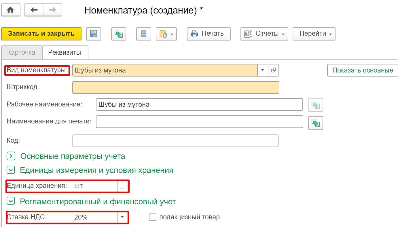 Откроется новая карточка – здесь заполните основные поля (наименование, артикул, единицы, ставка НДС и др.), если есть данные, то и дополнительные.
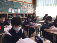 2年生の家庭科では布の繊維の種類と特徴を学習しました。化学繊維、綿、麻などそれぞれの種類の名前と特徴を表にまとめながら覚えました。知識が豊富な2年生は絹は高価で光沢があるなど教師の発問にしっかり答えることができていました。
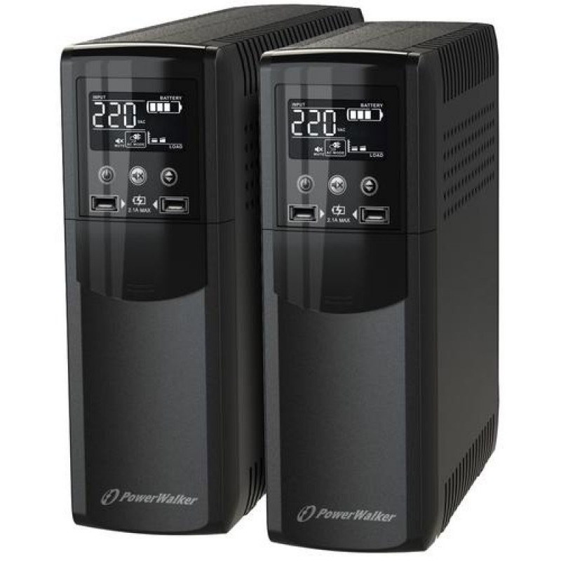 PowerWalker VI CSW is a line-interactive UPS series with state of the art technology and design. The integrated AVR function and pure sinewave output ensures clean and stable output during power outages or voltage fluctuations. The UPS functions can be monitored and controlled via USB communication, either with a software or without (HID).<br><br>The modern and elegant design makes the VI CSW series especially suitable for home and office use. Applications include (but are not limited to) gaming and entertainment systems, office workstations, NAS etc.<br><br>Two USB charging ports (2.1A) in the front offers additional functionality and convenience. Furthermore, the design allows easy access to the battery compartment via the front panel for easy battery replacement.PowerWalker VI 1500 CSW. UPS topology: Line-Interactive, Output power capacity: 1.5 kVA, Output power: 900 W. AC outlet types: Type F, AC outlets quantity: 4 AC outlet(s), Serial interface type: RJ-45. Battery capacity: 9 Ah, Battery voltage: 12 V, Battery recharge time: 8 h. Form factor: Tower, Product colour: Black, Display type: LCD. Cables included: USB cable

**EXERCISE GOAL**
Could the lines from the one with "2年生の家庭科では布の繊維の" through the last line of the material above be written out exactly, both included, with pictures left out?

**TASK OUTPUT**
 2年生の家庭科では布の繊維の種類と特徴を学習しました。化学繊維、綿、麻などそれぞれの種類の名前と特徴を表にまとめながら覚えました。知識が豊富な2年生は絹は高価で光沢があるなど教師の発問にしっかり答えることができていました。
 PowerWalker VI CSW is a line-interactive UPS series with state of the art technology and design. The integrated AVR function and pure sinewave output ensures clean and stable output during power outages or voltage fluctuations. The UPS functions can be monitored and controlled via USB communication, either with a software or without (HID).<br><br>The modern and elegant design makes the VI CSW series especially suitable for home and office use. Applications include (but are not limited to) gaming and entertainment systems, office workstations, NAS etc.<br><br>Two USB charging ports (2.1A) in the front offers additional functionality and convenience. Furthermore, the design allows easy access to the battery compartment via the front panel for easy battery replacement.PowerWalker VI 1500 CSW. UPS topology: Line-Interactive, Output power capacity: 1.5 kVA, Output power: 900 W. AC outlet types: Type F, AC outlets quantity: 4 AC outlet(s), Serial interface type: RJ-45. Battery capacity: 9 Ah, Battery voltage: 12 V, Battery recharge time: 8 h. Form factor: Tower, Product colour: Black, Display type: LCD. Cables included: USB cable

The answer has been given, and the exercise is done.